Please repeat, exactly as they stand, the line containing "Click to expand" and the lines after it through the final line of the listing below, minus pictures.

# Data below:
####################
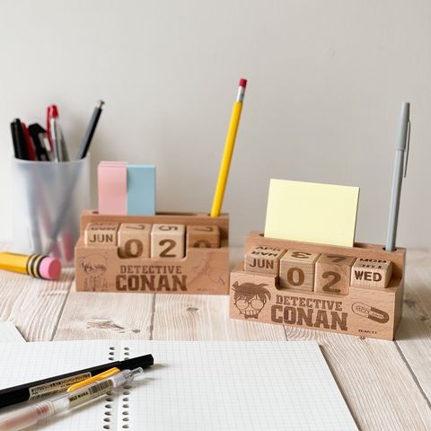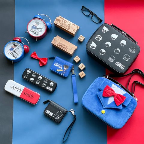 「名偵探柯南精品集點送」,針對學生、上班族群推出雙層馬口鐵鉛筆盒、實木桌上型萬年曆、復古造型鬧鐘、零錢鑰匙包、肩背手提兩用包..等10款粉絲必備且實用的限定周邊商品。
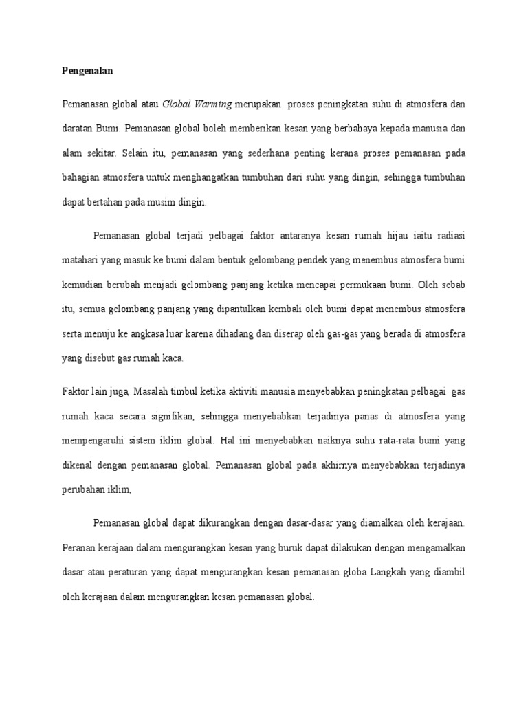 Click to expand document information. Karangan kesan pemanasan global terhadap manusia. Hal ini menyebabkan kita terasa panas walau pun pada waktu malam. Mengakibatkan banjir besar dan hakisan. Memusnahkan harta benda dan mengancam nyawa. Science project global warming posts facebook. Pemanasan global ini membawa bencana kepada manusia. Oleh itu wajar untuk kita kupas apakah kesan pemanasan global terhadap alam sekitar yang merupakan satu satunya habitat kehidupan manusia. Punca dan kesan pemanasan global kepada manusia. Pencairan salji di kutub utara semakin tinggi, paras air laut meningkat banyak daratan mula tenggelam keluasan saiz daratan semakin mengecil bencana alam seperti kemarau, banjir dan kebakaran Fenomena jerebu ini boleh mengurangkan jarak penglihatan. Pemanasan global akan mempercepatkan lagi kenaikan suhu lautan khususnya lautan pasifik. Kesan pemanasan global terhadap alam sekitar fizikal dan manusia.
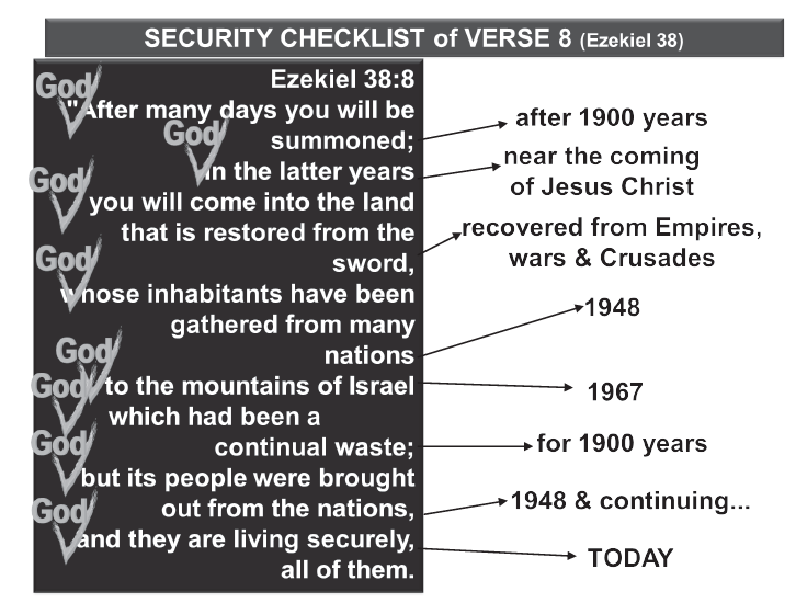 The amazing survival of Israel through wars, desolations, terrorists, intifadas, etc., etc., does not testify to their extreme UN- security. Conversely, these events “on the ground” are PROOF of Israel’s extreme SECURITY under God’s protective Hand. God says clearly that “I, declares the Lord, will be a wall of fire around [Israel]. Israel is not secure from ATTACK—they are secure from DEFEAT. [9] There is a big difference, and this is what Ezekiel 38 is talking about.
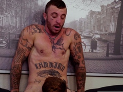 Tattooed Buer Eats Hairy Hole While Rubbing His Hungry Dick
####################
# Written response:
 Click to expand document information. Karangan kesan pemanasan global terhadap manusia. Hal ini menyebabkan kita terasa panas walau pun pada waktu malam. Mengakibatkan banjir besar dan hakisan. Memusnahkan harta benda dan mengancam nyawa. Science project global warming posts facebook. Pemanasan global ini membawa bencana kepada manusia. Oleh itu wajar untuk kita kupas apakah kesan pemanasan global terhadap alam sekitar yang merupakan satu satunya habitat kehidupan manusia. Punca dan kesan pemanasan global kepada manusia. Pencairan salji di kutub utara semakin tinggi, paras air laut meningkat banyak daratan mula tenggelam keluasan saiz daratan semakin mengecil bencana alam seperti kemarau, banjir dan kebakaran Fenomena jerebu ini boleh mengurangkan jarak penglihatan. Pemanasan global akan mempercepatkan lagi kenaikan suhu lautan khususnya lautan pasifik. Kesan pemanasan global terhadap alam sekitar fizikal dan manusia.
 The amazing survival of Israel through wars, desolations, terrorists, intifadas, etc., etc., does not testify to their extreme UN- security. Conversely, these events “on the ground” are PROOF of Israel’s extreme SECURITY under God’s protective Hand. God says clearly that “I, declares the Lord, will be a wall of fire around [Israel]. Israel is not secure from ATTACK—they are secure from DEFEAT. [9] There is a big difference, and this is what Ezekiel 38 is talking about.
 Tattooed Buer Eats Hairy Hole While Rubbing His Hungry Dick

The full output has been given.